We propose building a scalable and unified system for passing schema-ed messages between various applications around WMF. This ticket will track work to build such a system.
Relevant tickets include:
- T84923 - Reliable publish / subscribe event bus
- T88459 - Implementation sketch for reliable event bus using Kafka
- T106256 - Kafka Client for MediaWiki
- T102082 - Replace EventLogging with Confluent Platform
Two meetings were held in August 2015 to collect use cases for and to discuss possible implementations of this new system. Notes from these meetings are in an etherpad here:
Conclusion from our architecture brainstorming meeting are as follows:
- We will run a rest proxy for producing messages. This may be the Confluent Kafka REST Proxy, or it may not.
- Our rest proxy will validate messages and return error if production fails.

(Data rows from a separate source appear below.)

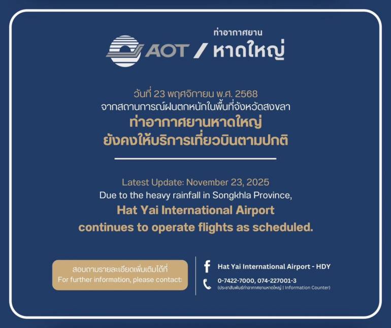 วันนี้ (23 พ.ย.2568) นางสาวนัทรียา ทวีวงศ์ ปลัดกระทรวงการท่องเที่ยวและกีฬา ได้สั่งการเร่งด่วนให้หน่วยงานในสังกัดกระทรวงฯ ที่ประจำอยู่ในพื้นที่จังหวัดสงขลา ลงพื้นที่ช่วยเหลือนักท่องเที่ยวที่ได้รับผลกระทบจากสถานการณ์น้ำท่วมในเขตอำเภอหาดใหญ่ หลังน้ำท่วมฉับพลันส่งผลให้ถนนหลายสายถูกตัดขาด นักท่องเที่ยวจำนวนมากติดค้างทั้งในสนามบิน โรงแรม และพื้นที่เสี่ยง
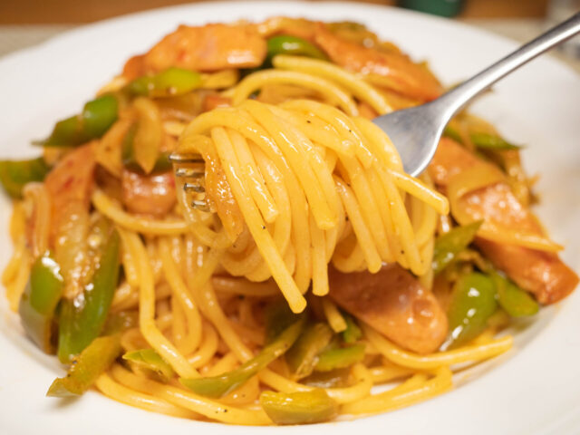 私の中では、ナポリタンも基本的なオイルパスタの延長なので、いつもは唐辛子とニンニクを使っています。それをピリ辛ソーセージと青唐辛子に入れ替えたわけですが、旨辛にまとまっておいしいナポリタンになりました。
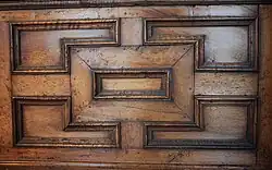 The paneling of the Rotherwas Room is made of walnut, a highly valued imported wood most likely imported from Germany or the Netherlands.[36] While oak was widely used in construction in the Rotherwas estate due to its abundance on the five thousand acre property, large walnut trees did not exist in England prior to 1650 and were rarely used in English paneling if at all.[8] The wainscoting design of lower inner-framed tiers and upper-arcaded panels divided by pilasters and capitals is extremely similar to that of Billesley Manor, Warwickshire and Carbrook Hall, near Sheffield.[37] According to Charles Bodenham, the two doors cut out of the paneling were added in 1611 and 1732 respectively.[38]
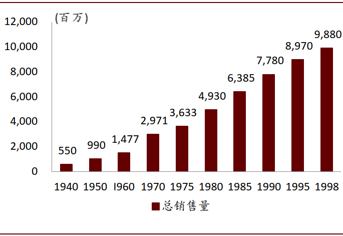 资料来源:《Transformation and continuity the U.S. carbonated soft drink bottling industry and antitrust policy since 1980》,中金公司研究部;注:销售量单位为“单元(Unit Case)”,每单元为5.68升饮料
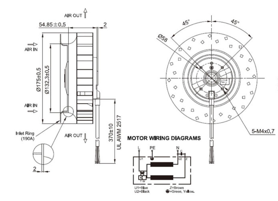離心扇氣流入風口與出風口成90度的結構設計, 適合需要特殊應用的工業化用戶
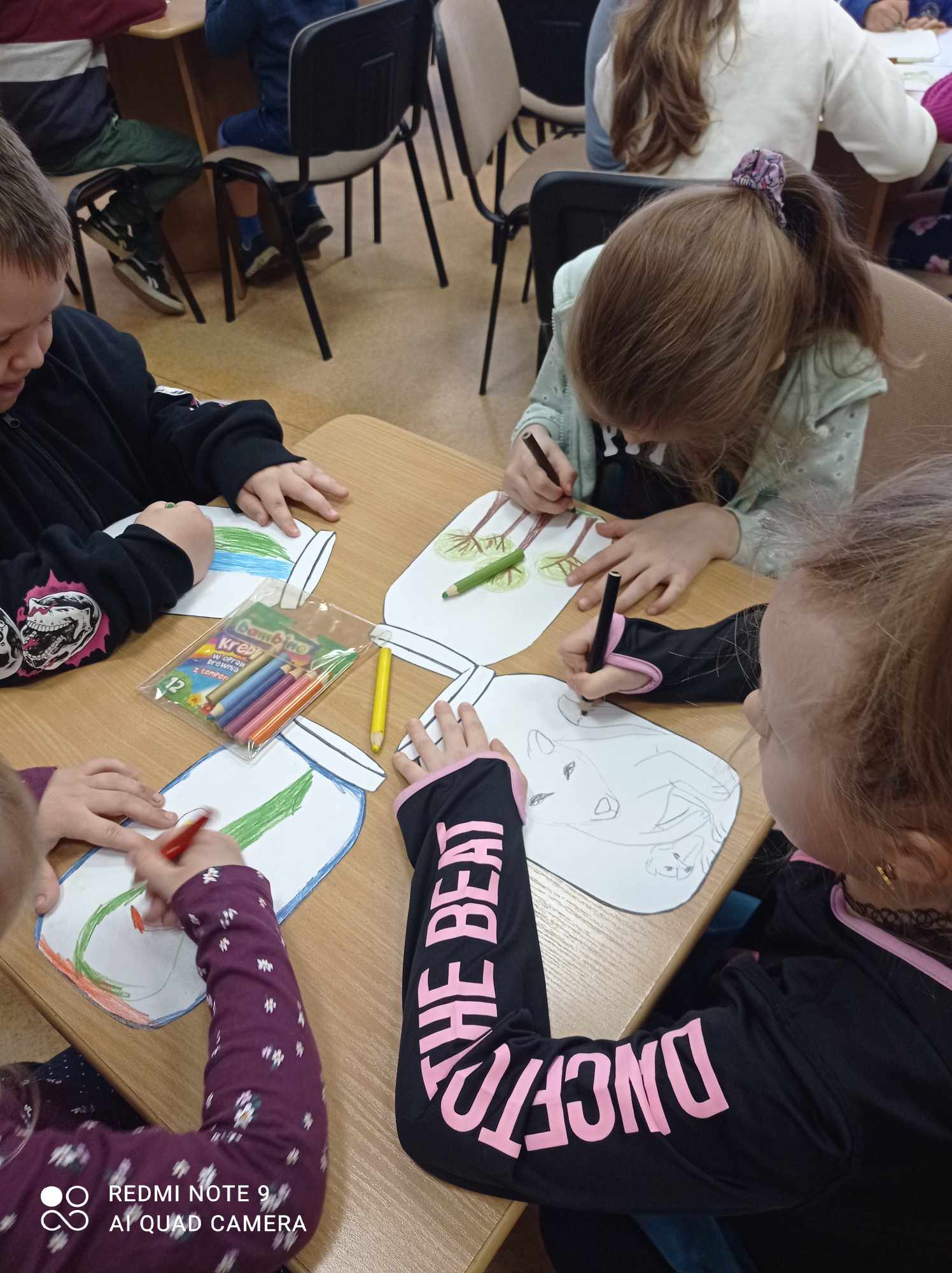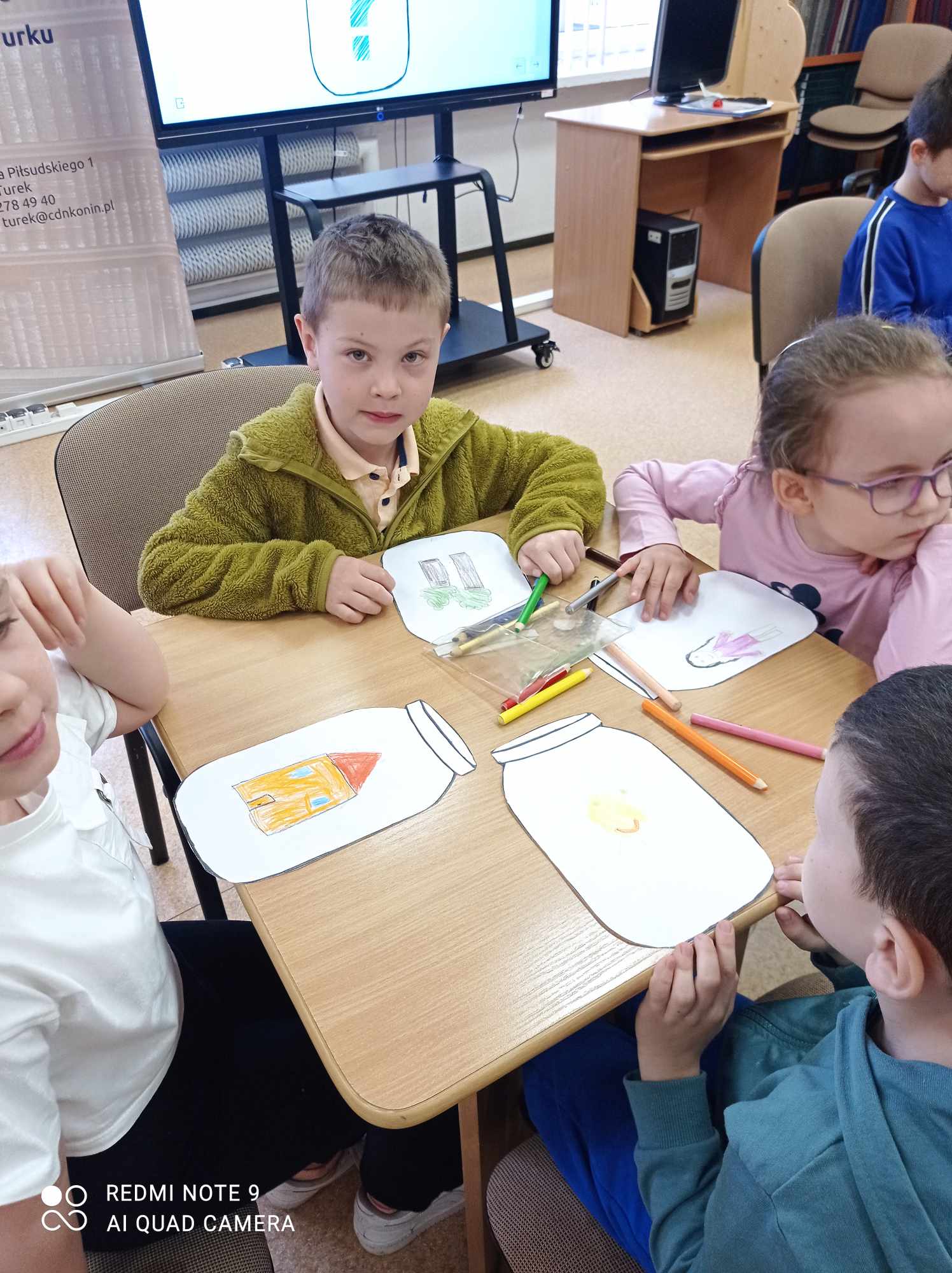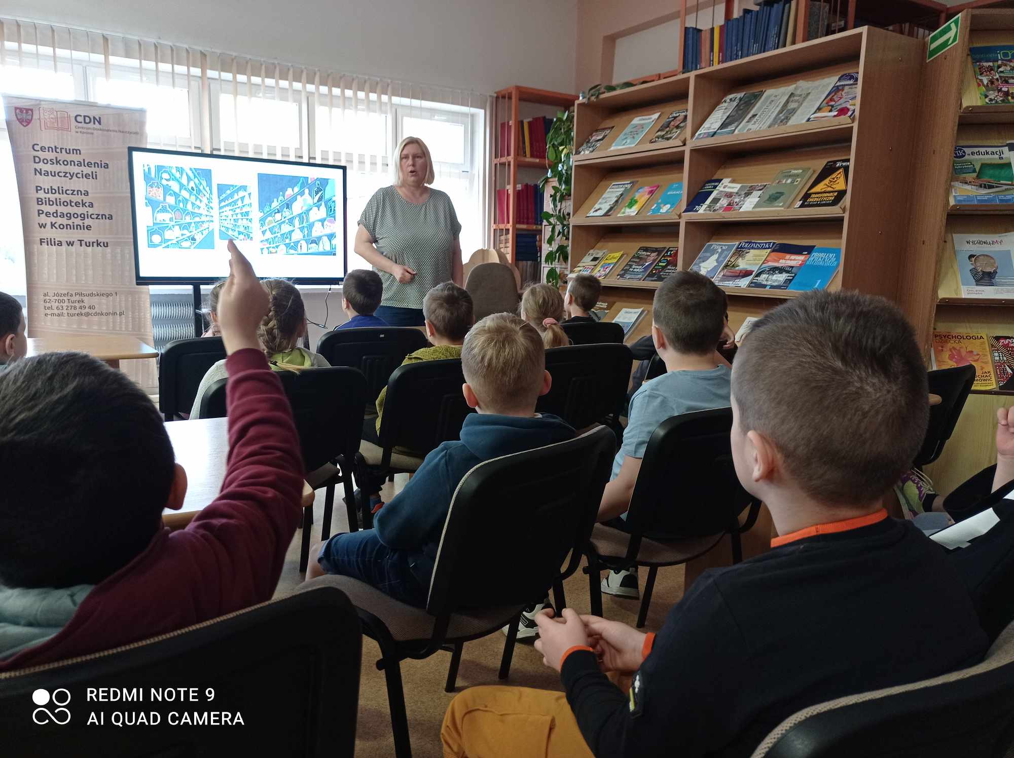 Uczniowie klas I i II oraz dzieci ze starszego oddziału przedszkolnego wycieczkę rozpoczęły od zajęć czytelniczych w CDN Publicznej Bibliotece Pedagogicznej filia w Turku, gdzie wzięły udział w warsztatach pt. „Skarby naszej planety – zajęcia oparte na treści książki pt. Planeta zamknięta w słoiku Martina Staneva”. Celem tych zajęć było kształtowanie wrażliwości na piękno przyrody i postaw proekologicznych oraz wyrabianie poczucia odpowiedzialności za naszą planetę.

- We will run 2 Kafka clusters: The current Analytics cluster, as well as a 'Production' cluster. Production cluster is assumed to be much lower volume than Analytics cluster.
- MVP will not consider the authentication problem.
We hope this will be solved upstream by a future Kafka version: https://issues.apache.org/jira/browse/KAFKA-1682
- We would like to support both JSONschema and Avro.
- EventLogging's use case (client side events) will not directly be allowed. Instead, we will investigate writing a process to read varnish shared logs that produces events through our rest proxy.
Confluent's Kafka REST Proxy and Schema Registry already exist and support many of our use cases for production of events, but there are some limitations:
- No JSONschema support
- No 1 to 1 topic <-> schema mapping. Clients shouldn't be able to produce different schemas (outside of normal schema versioning) to the same topic.
There are also more serious limitations on the consumer side, but consuming from Kafka via a REST API is a little awkward for many real world clients. Because of this, the MVP Event Bus will not support consumption. It will be up to users to implement consumption on their own via the Kafka client of their choice.
Our first task will be to investigate the difficulty of augmenting Confluent to fix these limitations to production of events.